Rym se souvint des escapades qu'elle faisait sur Alger au cours de son adolescence en Kabylie. « Tu es tiraillée », dit-elle, « entre l'envie de t'amuser, sans forcément faire de bêtise, et d'un autre côté, tu sais que tu ne dois pas faire un pas de travers ». Alors, elle partait le matin avec des amies et ne revenait qu'en fin de journée. En cachette, elles allaient faire du shopping pour sortir de la routine. Quant à Rabia, un événement l'affecta « profondément ». Pendant son enfance, elle et sa famille retournaient régulièrement au pays pour les vacances. En 1980, Rabia avait seize ans et demi. Alors qu'elle était en vacances chez sa grand-mère en Algérie, un cousin vint leur annoncer le décès d'une tante. Plus que la perte d'une personne à laquelle elle tenait, ce furent les conditions de sa mort qui attristèrent la jeune fille. « Elle avait déjà eu six enfants. Elle attendait des jumeaux ». Elle n'avait « consulté [un médecin] qu'une seule fois pendant sa grossesse. Son mari n'en avait pas grand-chose à foutre ». Ce dont la jeune fille était convaincue, c'est que si sa tante « avait été un homme, on ne l’aurait pas laissée dans ces conditions ». Son oncle ne « s’est pas bougé pour l’emmener à l’hôpital ». Il était à cinquante kilomètres, il est vrai, mais « il aurait pu se bouger » ; l'un des voisins possédait une voiture. Et même si « les pièces coûtaient cher, si on ne prêtait pas facilement une voiture, si les routes n'étaient que des pistes »... l'adolescente estima qu'il aurait pu faire un effort. Elle comprit alors qu'une femme pouvait être « une quantité négligeable ». Sa tante, affirma-t-elle, « était morte bêtement, par négligence. Par négligence, il n'y a pas d’autres mots ». Rabia se souviendra toujours de son enterrement. Quand elle arriva, « ils sortaient le corps pour l’amener au cimetière ». En l'espace d'un instant, elle comprit qu'elle n'avait « pas le droit d’aller au cimetière, parce que les femmes, et c'est toujours le cas, n’accompagnent pas les morts au moment de l’enterrement, parce qu’il y a les hommes qui chantent des chants religieux ». Refusant de rester à l'extérieur, elle entra. Pour cela, il fallut l'aide et l'insistance d'un oncle pour que l'on tolérât une présence féminine. C'est depuis ce jour-là que Rabia dit avoir en elle « cette colère », une colère qui la poussa à s'impliquer dans des luttes féministes.

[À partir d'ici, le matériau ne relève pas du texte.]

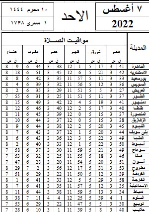 مواقيت الصلاة اليوم وفقًا للتوقيت المحلي لمدينتي القاهرة والإسكندرية وعدد من مدن ومحافظات الجمهورية من واقع بيانات الهيئة العامة للمساحة:
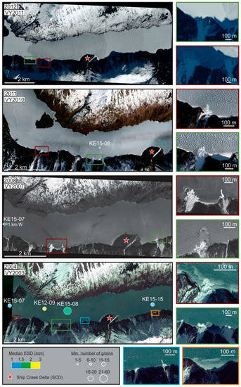 The satellite images from Kenai Lake in the month of April over several years show that snow avalanches were deposited on the lake almost every year. However, not every varve contains debris. In years with large snow-avalanche deposits, such as 2004, a debris deposit is present in several cores throughout the lake, whereas smaller avalanche deposits, like in the years 2012 and 2014, are not always represented by debris in one of the sediment cores (Figure 4). The satellite images of these years show that the avalanche deposits are not reaching as far onto the lake ice as they do in other years, and it is possible that during cracking of the ice along the shore, part of the deposit already ends up near the shore [10]. As a result, these snow avalanches are not recorded in the cores taken in the middle of the lake. The 2014 satellite image (Figure 3) shows that ice cracks form around some of the avalanche deposits along the south shore. It is likely that these deposits will not detach from the shoreline, resulting in deposition of the debris on the slopes. Furthermore, depending on which shore of a lake (i.e., shady or sunny—the northern shoreline of Kenai Lake receives more sunlight every day then the south shore, thus lake ice will melt first along the north shore) a snow avalanche is deposited, the debris may or may not get redistributed by drifting ice across the lake.
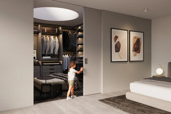 Akadálymentes tolóajtó: Előny a mozgatásban Tolóajtó kényelmesebben és biztonságosabban: Innovatív mágneses lágy zárórendszerével és a 22 N-nél kisebb nyitóerejével a faajtókhoz alkalmas Hawa Junior 1

Amener des jeunes filles à se plier aux règles de la pudeur, c'est donc leur apprendre non seulement à se tenir (adopter un langage corporel approprié à un contexte particulier) mais surtout à se contenir. Elles incorporent ainsi l'idée que leurs faits et gestes, comme leurs déplacements, doivent s'inscrire dans le régime relationnel de la honte et de la pudeur qui vient

adoucir les assignations de l'ordre sexué, les rendant plus acceptables : une certaine place dans la maison comme à l'extérieur ; une certaine activité dans et en dehors de la sphère familiale ; une certaine temporalité de leurs actes et de leurs déplacements. Par ailleurs, elles n'apprennent pas tant qu'il leur est interdit de sortir qu'elles incorporent l'idée qu'il n'est pas convenu, si ce n'est convenable pour une femme de sortir ''seule''. Se met ainsi en place la relation hiérarchique qui les unit au reste de la société et que le groupe reproduit et légitime au nom de la protection d'un deuxième et faible sexe.